Will gold prices fall to VND 100 million per tael?
During the week of May 12–16, global gold prices dropped sharply from USD 3,300 to USD 3,204 per ounce, marking the fourth consecutive week of decline.
In Vietnam, SJC gold bars fell by VND 3 million to VND 118.5 million (approx. USD 4,660) per tael, and gold rings dropped to VND 111–114 million (USD 4,365–4,485) per tael.
However, on May 19, global prices rebounded to USD 3,210 per ounce. Domestically, SJC gold rose by VND 800,000 to VND 119.3 million (USD 4,690) per tael, and SJC gold rings climbed to VND 114.5 million (USD 4,495).
Speaking with VietNamNet, Dr. Nguyen Tri Hieu, a financial and banking expert, noted that recent dips in both domestic and global markets may be driven by positive news such as eased geopolitical tensions - particularly in the Middle East and between Russia and Ukraine - as peace talks progress.
Additionally, former U.S. President Donald Trump’s deferral of tariffs on several countries, including Vietnam, has also played a role.
He added that when prices soar, many investors take profits, putting downward pressure on the market.
Nevertheless, Dr. Hieu emphasized that these are only short-term reactions to global news and do not indicate a medium- or long-term trend.
“Domestic gold prices may fluctuate erratically alongside global movements, but the probability of dropping to VND 100 million per tael is extremely low. Even global price drops have been short-lived, driven mostly by temporary geopolitical developments.”

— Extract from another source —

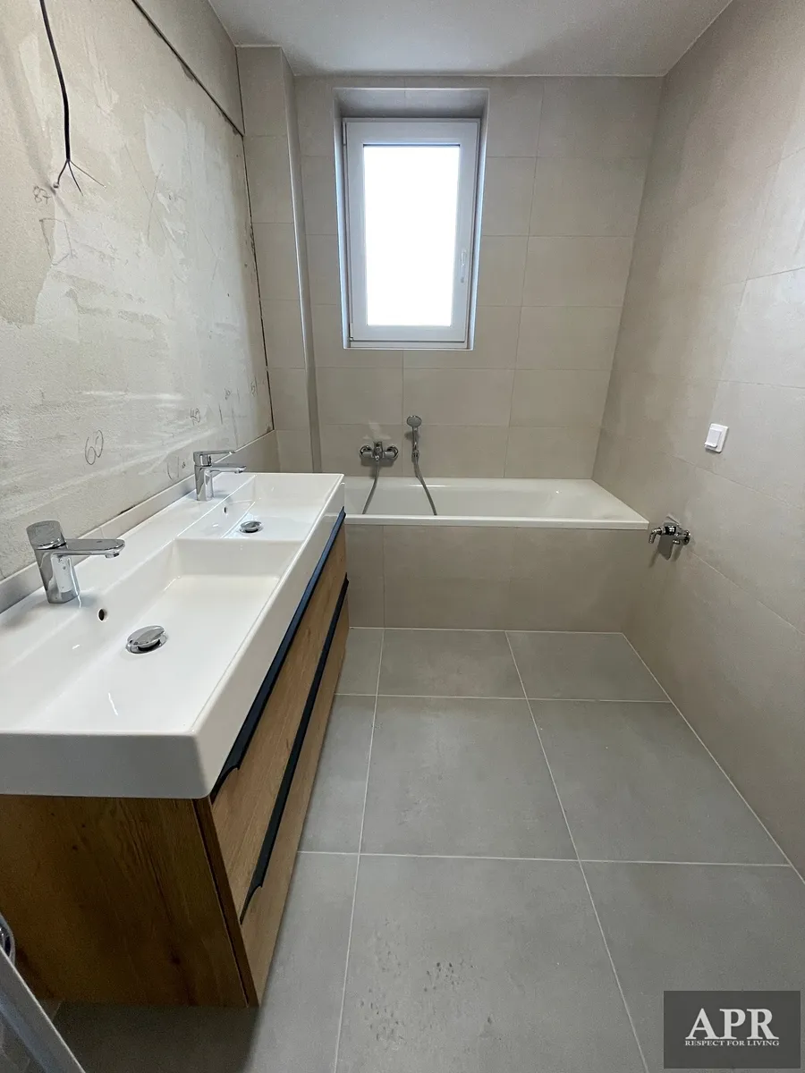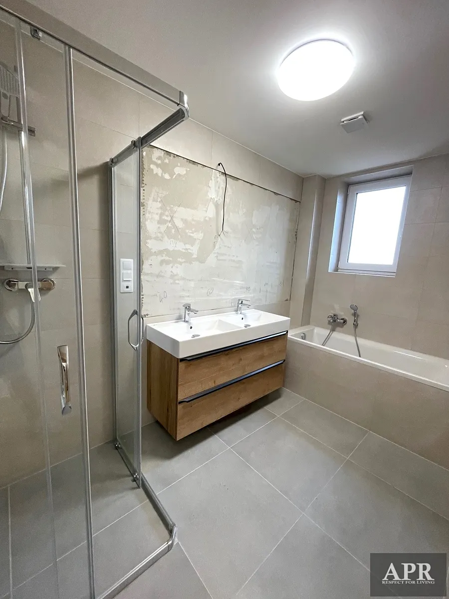 Kuchyňská linka vybavená vestavnými spotřebiči, v koupelně naleznete vanu i sprchový kout , WC je samostatné, k bytu patří i luxusní střešní terasa o výměře přes 43,35 m2, součástí jsou taky dvě šatny, technická místnost nebo šatna.

Structural issues remain unresolved. The U.S. Federal Reserve continues to express concern about inflation and may soon reimpose tariffs. The U.S. economy has not shown enough improvement to lift the USD Index, he explained.
In Vietnam, in addition to global influences, domestic supply constraints mean prices spike easily when demand rises.

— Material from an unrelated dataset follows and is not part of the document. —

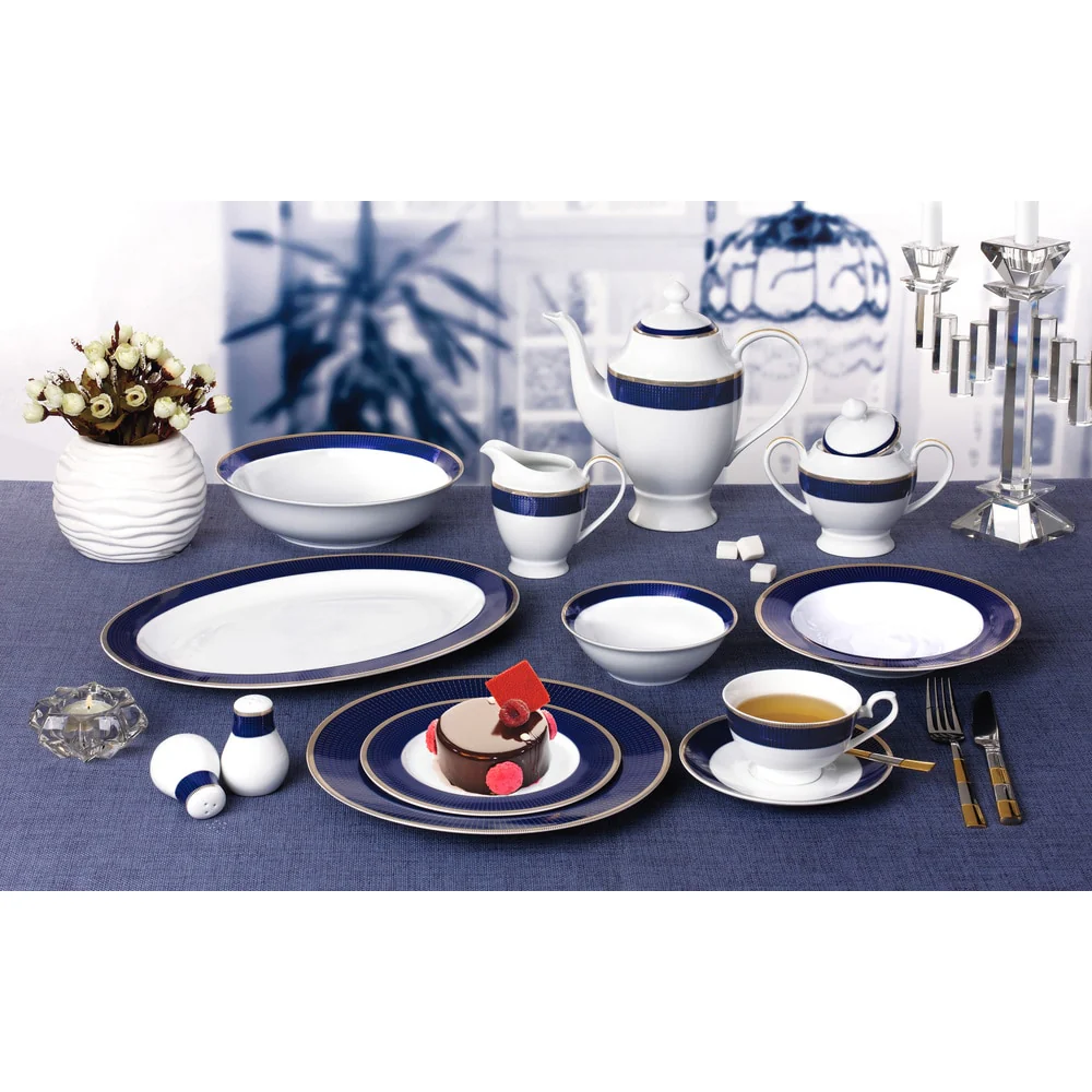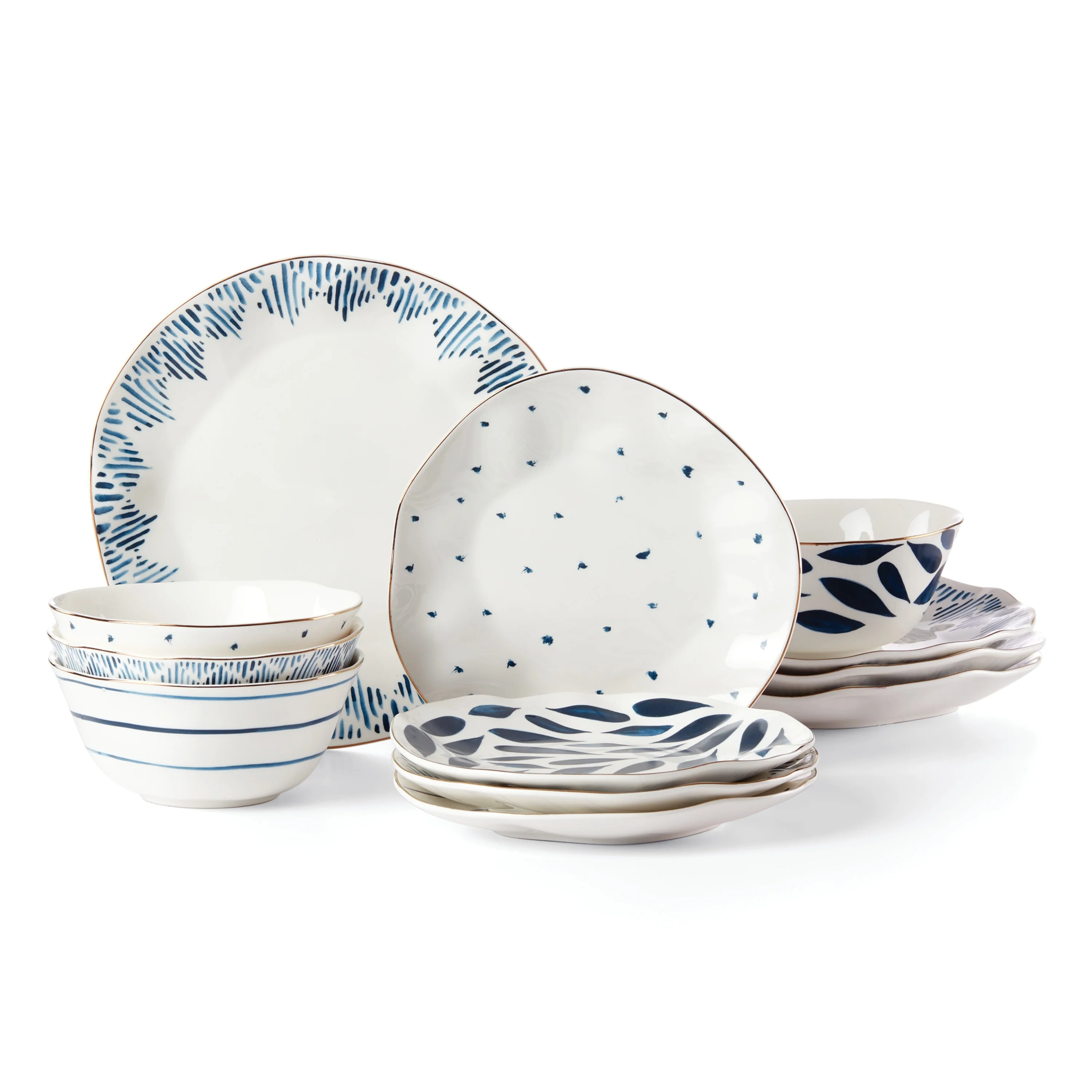 222 Fifth Nightingale 12-Piece Blue Porcelain Dinnerware Set – Service for 4, Plate & Bowl Set

Associate Professor Dr. Nguyen Huu Huan from the University of Economics in Ho Chi Minh City agrees that domestic prices are unlikely to dip below VND 100 million per tael in the short term.

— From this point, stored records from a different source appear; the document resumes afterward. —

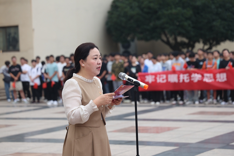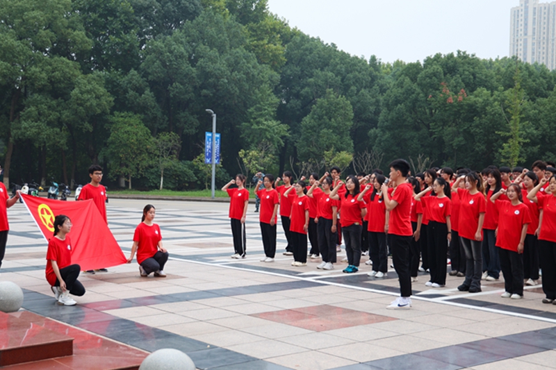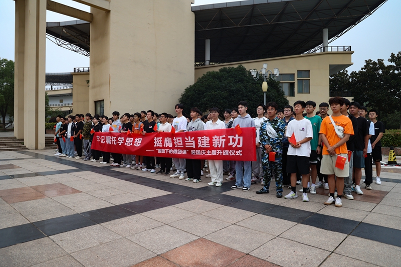 9月28日,必赢在秀山校区教学楼广场举行“牢记嘱托学思想、挺膺担当建新功——国旗下的微团课”迎国庆主题升旗仪式。安全保卫部、团委、马克思主义学院、机械工程学院相关人员以及2023年新入团学生共400余人参加活动。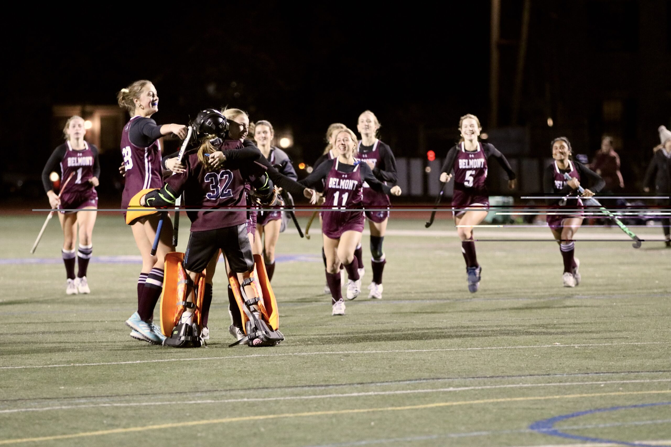 Photo: Belmont High run to celebrate with sophomore goalie Zoe Bruce after shutting out Wachusett Regional, 4-0, in the Sweet 16 of the MIAA Div. 1 Field Hockey tournament.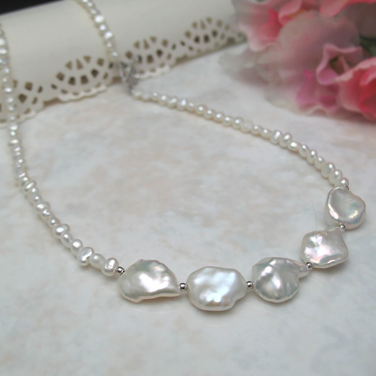 4ミリの淡水真珠に大きなバロックを合わせたネックレスです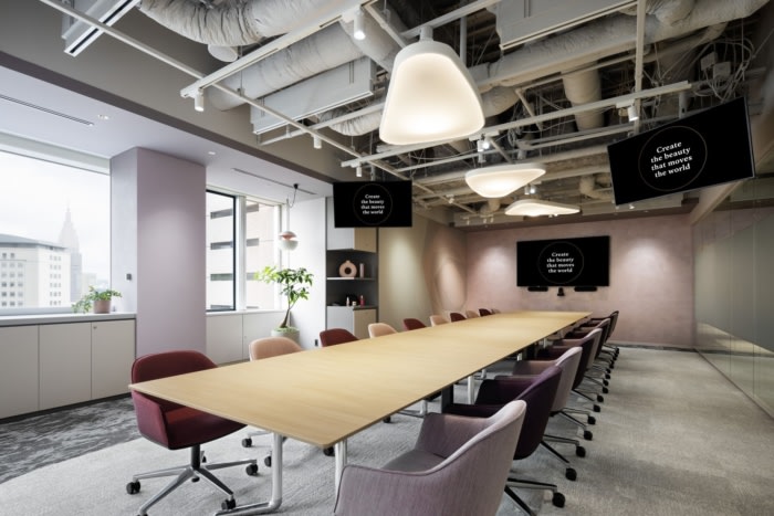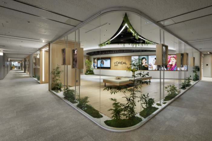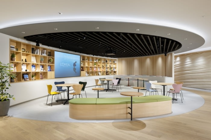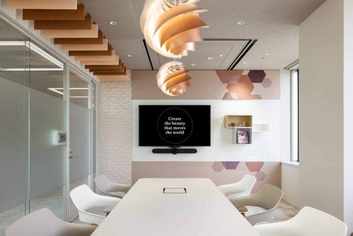 该设计通过四个季节的主题融合了日本的美丽,纹理,家具和装饰都注入了日本工艺。办公室注重灯光、声学和材料等细节。它创造性地重新利用日本欧莱雅K.K.的产品,如眼影、粉底和口红,将它们转化为油漆、灯罩和瓷砖,而不是处理它们。考虑到员工的福祉,室内绿化和可调光LED照明也得到了实施。#办公室装修设计#

While global instability has eased, leading to a decline in international prices, the domestic drop has been modest.
This is due to consistently strong demand for gold within Vietnam. Even during price dips, buying remains high, keeping the gap between domestic and international prices substantial.
According to Dr. Huan, the future of domestic prices hinges on global trends and local demand. If global prices continue to decline, Vietnam’s prices will follow - but accurately predicting global trends remains difficult.
“Trump’s tariff policy is unpredictable. If imposed rates are high, gold prices will spike again. Additionally, if peace talks between Russia and Ukraine collapse and conflict escalates, gold will likely surge. In short, global price movements are highly uncertain,” Dr. Huan noted.
Proposal: Let citizens earn interest on deposited gold
Recently, the Prime Minister instructed the SBV to urgently implement regulatory measures to stabilize the gold market and submit proposed amendments to Decree 24 on gold trading by June.
To stabilize the market, Dr. Hieu recommends improving supply to meet demand. He maintains that the SBV should withdraw from its role as the sole gold importer and instead issue import quotas to licensed businesses under regulatory oversight.
He also supports ending the exclusive SJC national gold brand, allowing all brands to compete on equal footing.
Dr. Huan, however, said market stabilization is challenging due to tight domestic supply. He believes importing gold is unfeasible because foreign currency reserves should be prioritized for exchange rate stability. As gold is not an essential good, it's not a priority for foreign currency allocation.
To manage the gold market, he recommends building a gold credit market. Globally, when gold markets become too volatile, some countries implement gold credit markets to meet citizens’ trading needs while preventing foreign currency outflows. Vietnam could explore this strategy, he suggested.
Dr. Huan also proposed allowing people to deposit gold at the SBV for interest, as in the past. This approach would both stabilize prices and mobilize the large quantities of gold held by the public to support economic development.